Conversations with Paul often become the pivot point to move into larger ruminations. Paul, who is reading Homer’s Odyssey while Parsons is writing, states his favorite character is Athena. This one thought quickly bounces us to Athena’s ability to transform, for example to a spider or a shepherd, which brings to Parson’s mind several nouns (grammar being an important choreographic tool for Parson), to structural retrograde, a Trisha Brown invention. Parson states that “Brown was a great choreographer and a virtuosic formal experimentalist, plus her dancers loved her.” Parson says this is worth noting because “good artists are not necessarily good people, and conversely, good people are not necessarily good artists. But for some reason, audiences are especially disappointed when artists behave badly, as if they still believe, like the Ancient Greeks, that art comes from the gods.” I like thinking that perhaps art coming from the gods is an ancient idea baked into our DNA. In one of the more provocative statements in the book, Parson responds to her comment about “good artists,” writing, “Actually art comes from perception and craft plus a muscular imagination, all things unrelated to being a good person, and in dance, it’s especially unusual to be loved or good.” She correlates this to a choreographer using the dancers’ bodies in ways that are physically and emotionally demanding.

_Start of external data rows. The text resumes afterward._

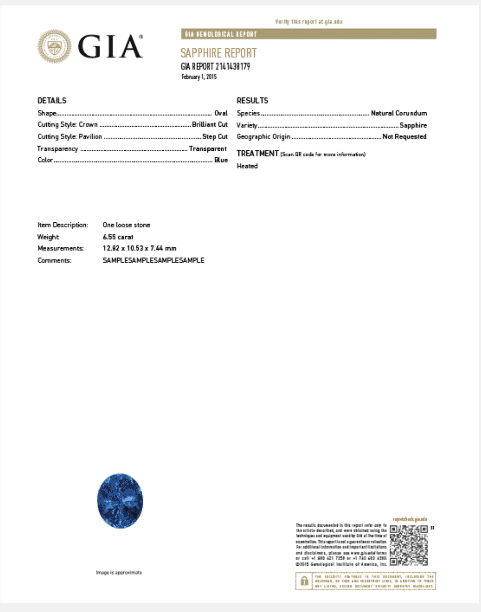 Sample GIA Gemstone Report, a Legit Grading Report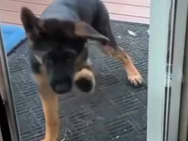 子イヌが窓の外にいた。中に入りたいよぉ! → 子犬、勘違いです…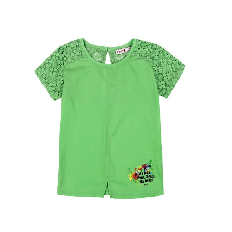 Superb tricou pentru fete de la Boboli de culoarea smaradului, combinatie de broderie cu jersey.Made Spania

This thought could occupy a whole book, and I would love to have a conversation with Parson to know more: what does this mean for the field? Is this something to work against? To accept? But throughout The Choreography of Everyday Life, we hear these thoughts – usually dense in their content - and then the conversation goes elsewhere. When I think of this book, I imagine a singular thick thread that weaves throughout the book, with off-shoots, taking angular turns, or circular paths, but coming back to the main thread that propels us through – what is in choreography and how does it exist around us? Larger philosophical commentary lives alongside these threads - “Imagine what would have happened if in the prime of their lives, when they were young and virile, Louise Bourgeois and Trisha Brown and Hilma af Klint were given the largest-scale platforms to throw their thunderbolts.”

All of these off-shoots can be distracting but also an opportunity to choose to learn more. After I finish reading the book for the second time, I spend hours watching Trisha Brown footage on YouTube, reading about Hilma af Klint, and Louise Bourgeois’ MoMA retrospective.

Parson begins and ends Everyday Life listening to her husband and son on the phone, and I am struck by the tenderness of listening to two people you love in a deep and meaningful conversation. It also reminds me of compositional structures, which play prominently here since we are ending as we began. The circular structure, the ring form – ABCBA, and Trisha Brown’s retrograde, in which “you dance the choreography surgically backward, resisting and upending the kinetic push forward that the phrase originally had.” There is an aliveness to the book, threads pulling together and apart, weaving back to front, front to back, moving from thousands of years ago to the present. It connects me to the book, the author, and into a larger world – where we see choreography all around us. 

Annie-B Parson, The Choreography of Everyday Life, Verso, 2022.